The Winder Fireball on display at Sailboat is one of the first boats to be built incorporating the new rules.

Because Winder Boats are known for building quality products I wasn’t surprised to find the gleaming new Winder Fireball attracting more than a bit of attention on the class association stand in the Great Hall.

This new boat owned by Andy Wilcocks is one of the first built to the new rules to allow larger drain tubes through the aft tank. According to Dave Winder, the new rule change has made all the difference. “It now makes the boat almost self-draining without a double bottom.
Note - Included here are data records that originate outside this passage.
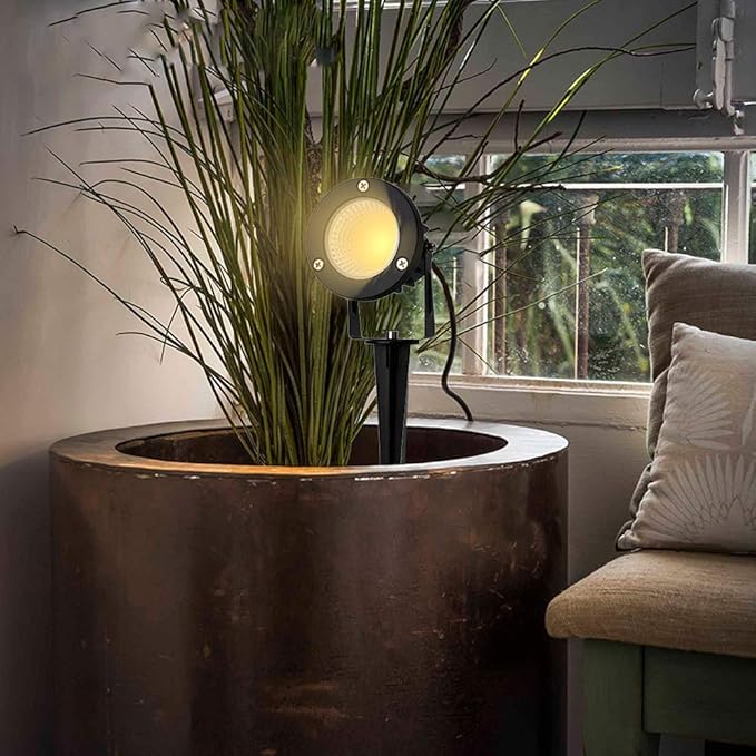 - 【Roatable & Flexible Angle Adjustment】60° Beam Angle, 270 degree adjustable head offers best lights for the Celling,walls, trees, flag,fences;widely used for garden, yard patio pathway outdoor decoration,9W LED outdoor spot light with 3000K warm white light, creates a beautiful lighting effect for accent lighting. Perfect for potted plants, flag spotlight, shadowing lighting, etc.
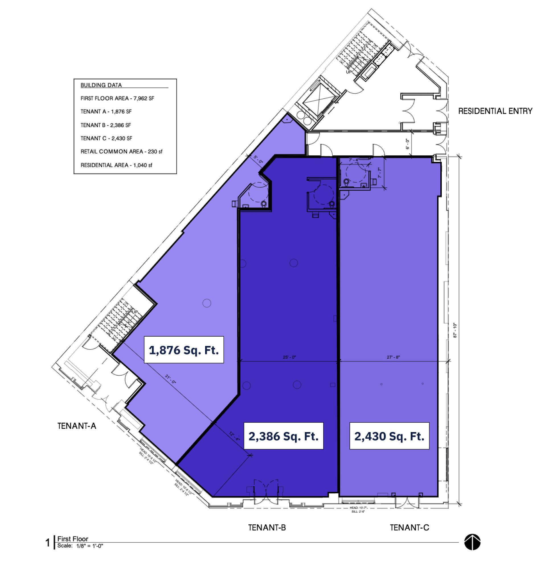 Retail space in redeveloped mixed-use building near public transportation.
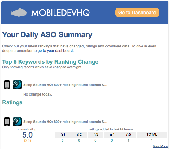 Having dabbled a little in ASO, I’ve found MobileDevHQ to be a pretty handy tool when it comes to keyword app store discovery and ongoing monitoring. Their helpful dashboards and summary emails cover things such as: Top 5 keywords by ranking change, ratings added in the last 24 hours, and actual app downloads. With the free version of the tool, the number of keywords you are able to track are unlimited and you can access up to three months of historical data.
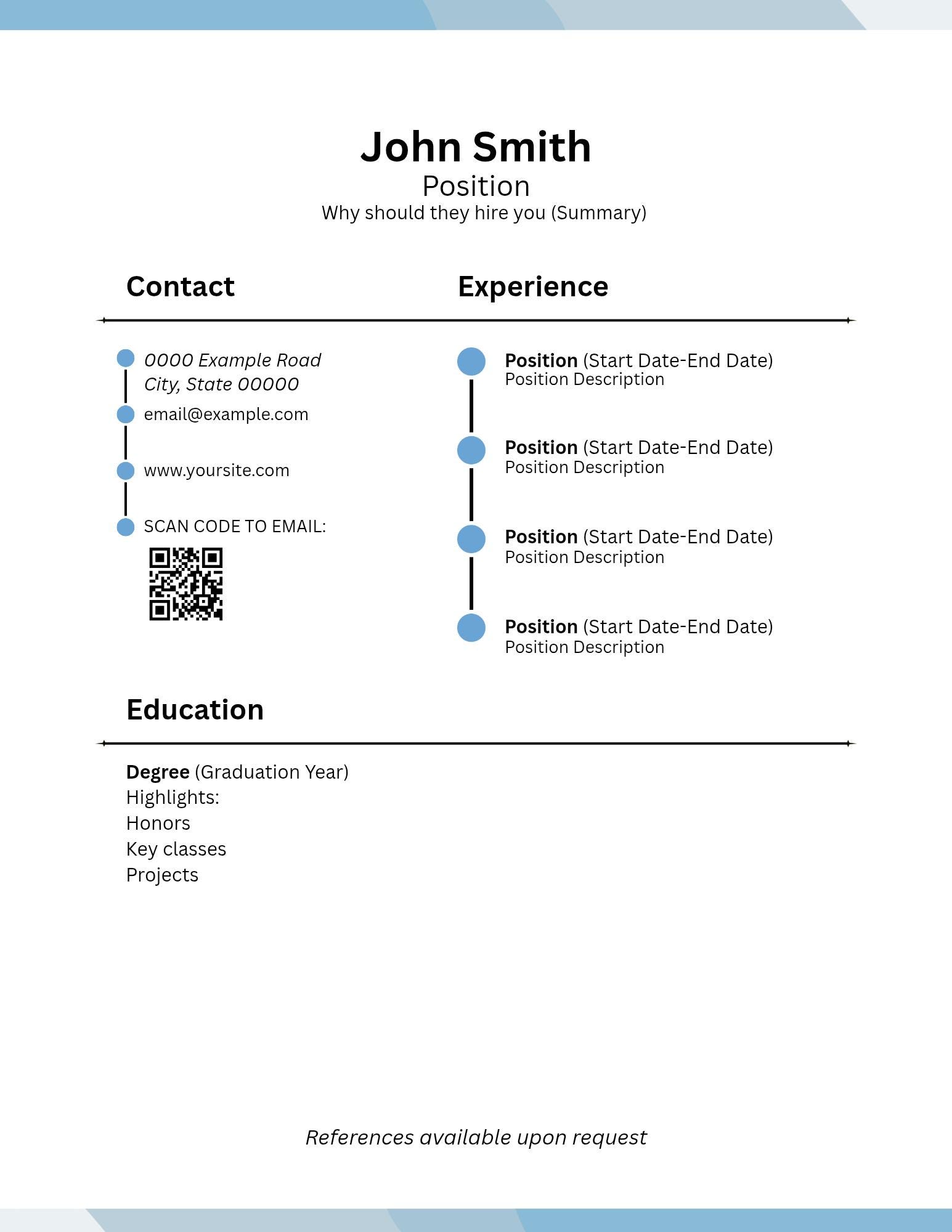 Resume Canva Template with contact information, education, and experience sections. Geometric minimalist template with blue accents.
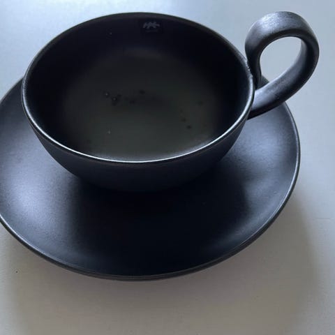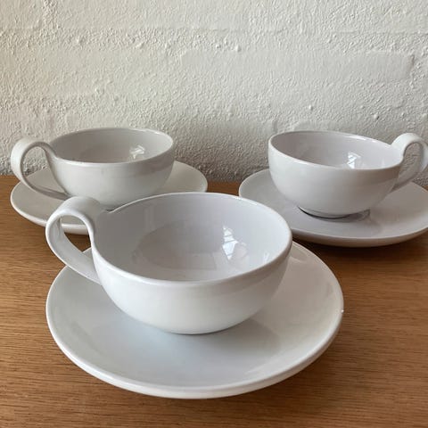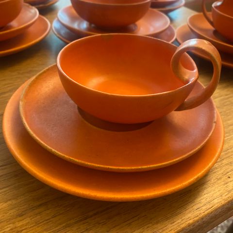 Tekopper (12 stk), m Underkop, 5 sidetallerken . Mælkekande., hvid glasur. Fra det rigtige Herman A Kähler i Næstved.
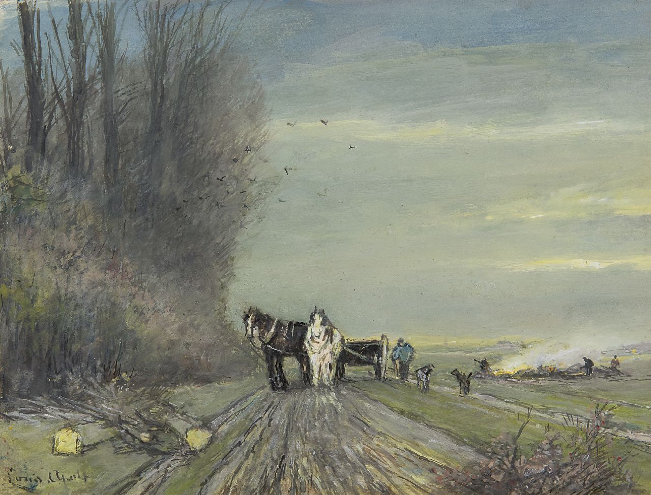 Louis Apol kunstwerk • aquarel • tekening • voorheen te koop Paardenkar op een landweg in de winter
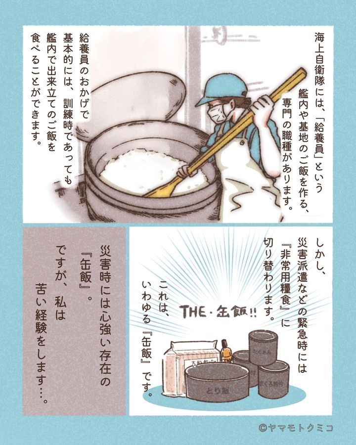 東日本大震災の災害派遣は、緊急時だったこともあり、物資の調達もギリギリでした。そんな中で、缶飯を頂くことはできる環境は、とてもありがたいことだと思います。

Because the boat planes so well, the hull lifts and the water just drains out aft.” The other class rule change also adopted last year was to allow more correctors from four and a half to seven and a half kilos.
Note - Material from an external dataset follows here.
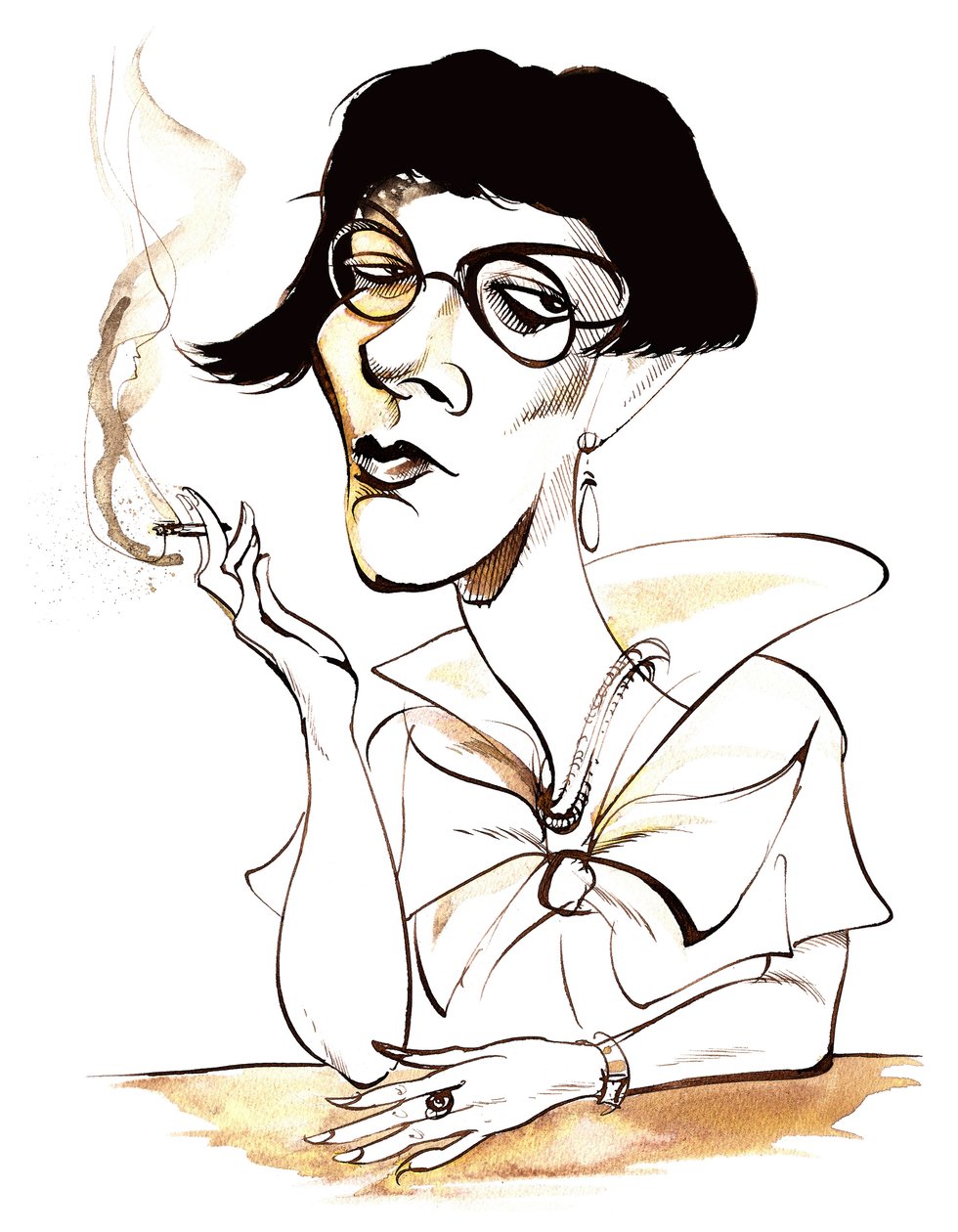 20th century · female · novelist · smoking · caricatures · drawing · poets · novelists · writer · british · writers · twentieth · cigarette · woman · drawings · poetry · poet · illustrations · author · caricature · literary arts · novel · literature · cigarettes · english · authors · illustration · Private Collection / Bridgeman Images

Interestingly the Fireball class tends to favour spinnaker bags as opposed to chutes but the good thing about this innovative class is that if you want a chute you can have one. “Some people still opt for the chute and we’re quite happy to put one in,” said Winder, ” but one of the main disadvantage is the weight distribution. You get the extra weight of the wet spinnaker in the bow and the water does tend to flood the chute particularly at sea.”
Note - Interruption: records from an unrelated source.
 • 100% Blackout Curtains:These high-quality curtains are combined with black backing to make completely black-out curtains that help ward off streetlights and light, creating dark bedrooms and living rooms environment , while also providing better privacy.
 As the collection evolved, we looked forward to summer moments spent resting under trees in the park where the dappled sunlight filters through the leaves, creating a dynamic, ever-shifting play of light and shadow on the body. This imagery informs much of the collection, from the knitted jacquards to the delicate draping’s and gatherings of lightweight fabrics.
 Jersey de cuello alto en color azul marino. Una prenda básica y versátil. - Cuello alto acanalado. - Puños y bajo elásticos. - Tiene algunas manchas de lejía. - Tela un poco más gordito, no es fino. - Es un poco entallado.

The layout on this new boat has been well thought-out. Wilcocks, the owner, who sails the boat with his seven and a half stone wife as crew, has used his previous Fireball experience to fit the boat out to his own racing spec and basically made life as simple as possible. All the control lines including the twinners are led aft with the kicking strap situated under the swivel mainsheet horse. Even the jib leech control line is led back to the helmsman. “The most critical controls on the Fireball in my opinion,” says Winder, “is the jib leech control which you tend to drop out when it’s really windy.”

Surpisingly the Fireball hasn’t gone down the carbonfibre-rig path yet but according to Winder: “It’s something we, as builders, would really like to look in because you’d automatically loose a hugh lump of weight from the boat.” But according to Rachel Keeling: “until the costs of carbonfibre come down to a more realistic level the class probably wouldn’t consider it.”